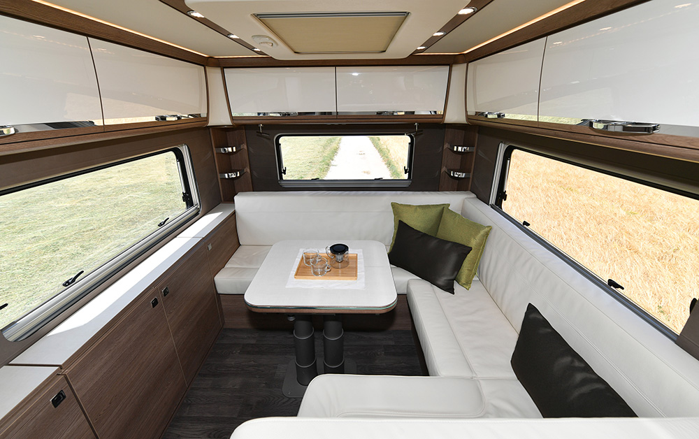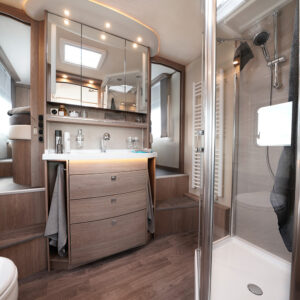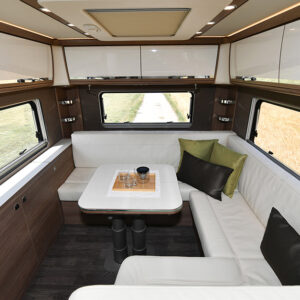 Natuurlijk is de Grand Empire 120 geschikt om het hele jaar te gebruiken. De isolatie is uitstekend, onder meer dankzij de ramen van echt glas, het verstevigde dak en de verstevigde buitenwanden. In de hele camper zorgen dakairco’s desgewenst voor verkoeling. In koudere maanden is het behaaglijk dankzij de vloerverwarming, die zelfs doorloopt tot in de badkamer.
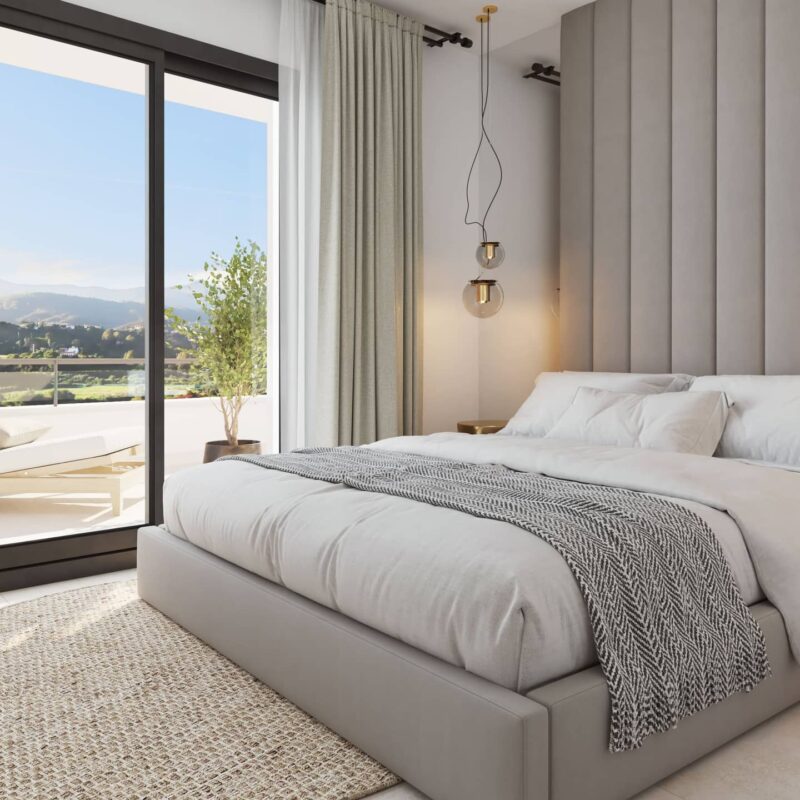 Oceana Gardens I, a development of 52 exclusive 2 and 3 bedroom multi-family homes located in the privileged setting of Estepona's Golden Mile. Its avant-garde architecture is combined with the benefits of its communal areas with outdoor swimming pool and coworking area, equipped gym, two petanque courts, cyclosenda and access to the Club House, exclusive for residents.
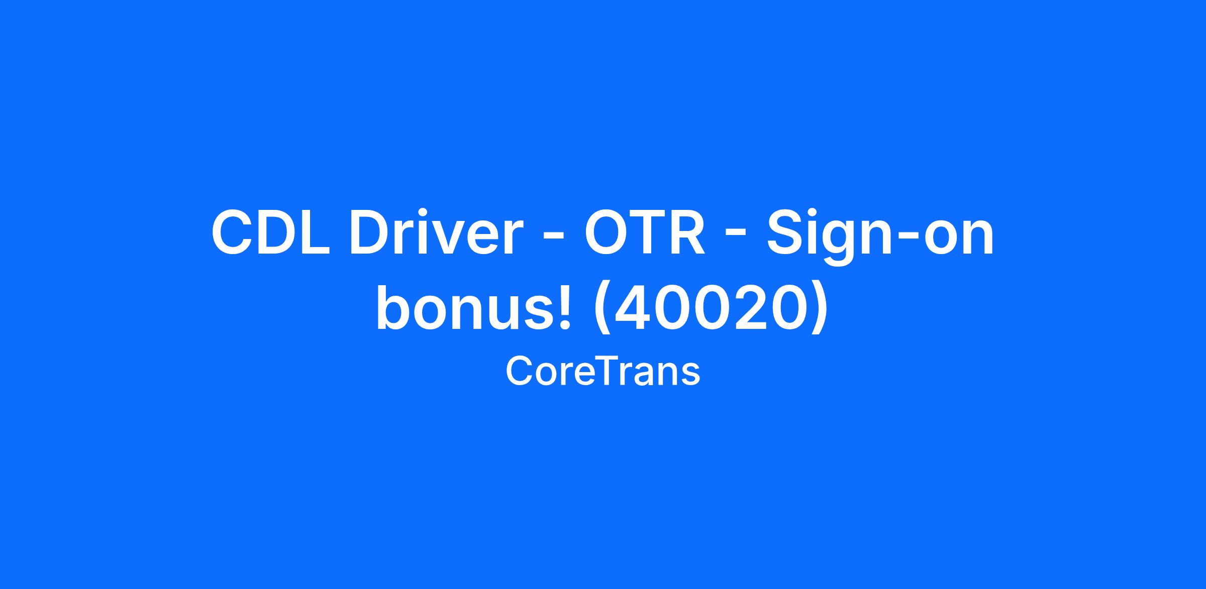 CDL Driver - OTR - Sign-on bonus! (40020)
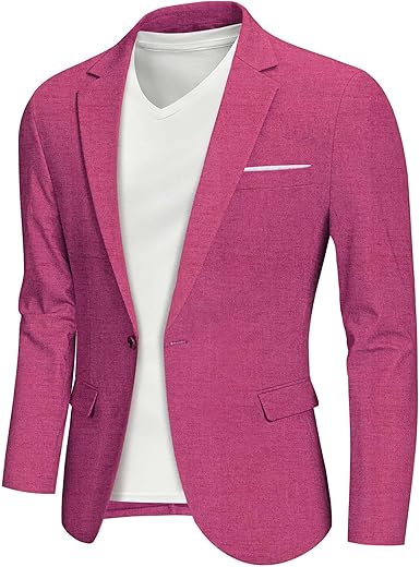 MY'S Men's Slim Fit One Button Linen Suit Blazer, Casual Sports Jacket, Lightweight Business Daily Coat.
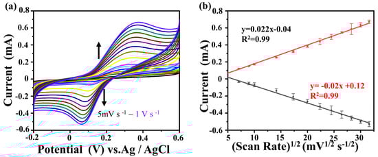 (a) CV curves of the Au@NiS2-FTO-modified electrode in 0.1 M PBS (pH = 7.3) containing 1 mM DA by varying the scan rates from 5 mV s−1 to 1 V s−1; (b) Ipa and Ipc vs. v1/2.
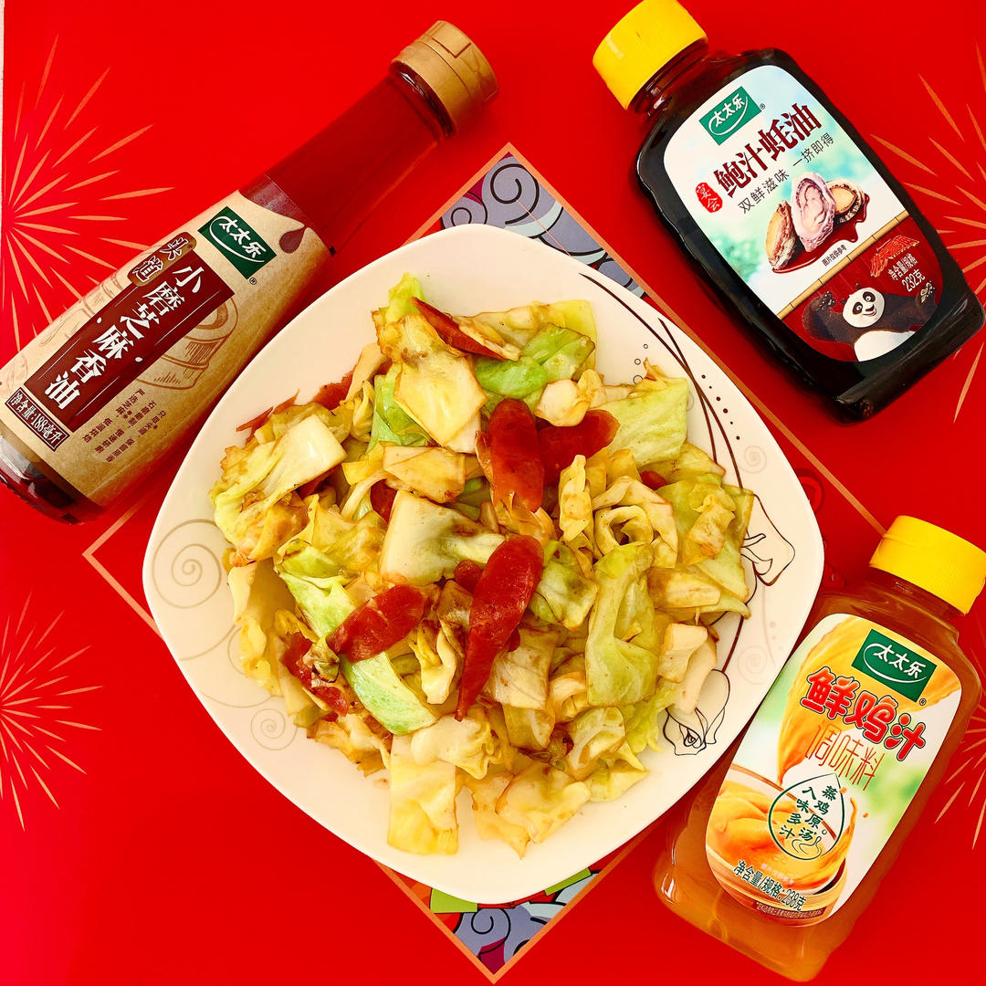 腊肠炒包菜,开始清冰箱系列,今天又去备了些菜,开始明天的带饭生活。明天开工。初六快乐呀。
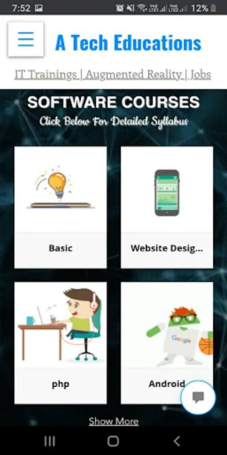 It contains courses such as Basic Computer Training, Website Development, Android App Development, Software Development and Augmented reality

======

Copy out the lines exactly as written, beginning with the one that contains "Oceana Gardens I, a" and ending with the last line of the material; do not include pictures.

 Oceana Gardens I, a development of 52 exclusive 2 and 3 bedroom multi-family homes located in the privileged setting of Estepona's Golden Mile. Its avant-garde architecture is combined with the benefits of its communal areas with outdoor swimming pool and coworking area, equipped gym, two petanque courts, cyclosenda and access to the Club House, exclusive for residents.
 CDL Driver - OTR - Sign-on bonus! (40020)
 MY'S Men's Slim Fit One Button Linen Suit Blazer, Casual Sports Jacket, Lightweight Business Daily Coat.
 (a) CV curves of the Au@NiS2-FTO-modified electrode in 0.1 M PBS (pH = 7.3) containing 1 mM DA by varying the scan rates from 5 mV s−1 to 1 V s−1; (b) Ipa and Ipc vs. v1/2.
 腊肠炒包菜,开始清冰箱系列,今天又去备了些菜,开始明天的带饭生活。明天开工。初六快乐呀。
 It contains courses such as Basic Computer Training, Website Development, Android App Development, Software Development and Augmented reality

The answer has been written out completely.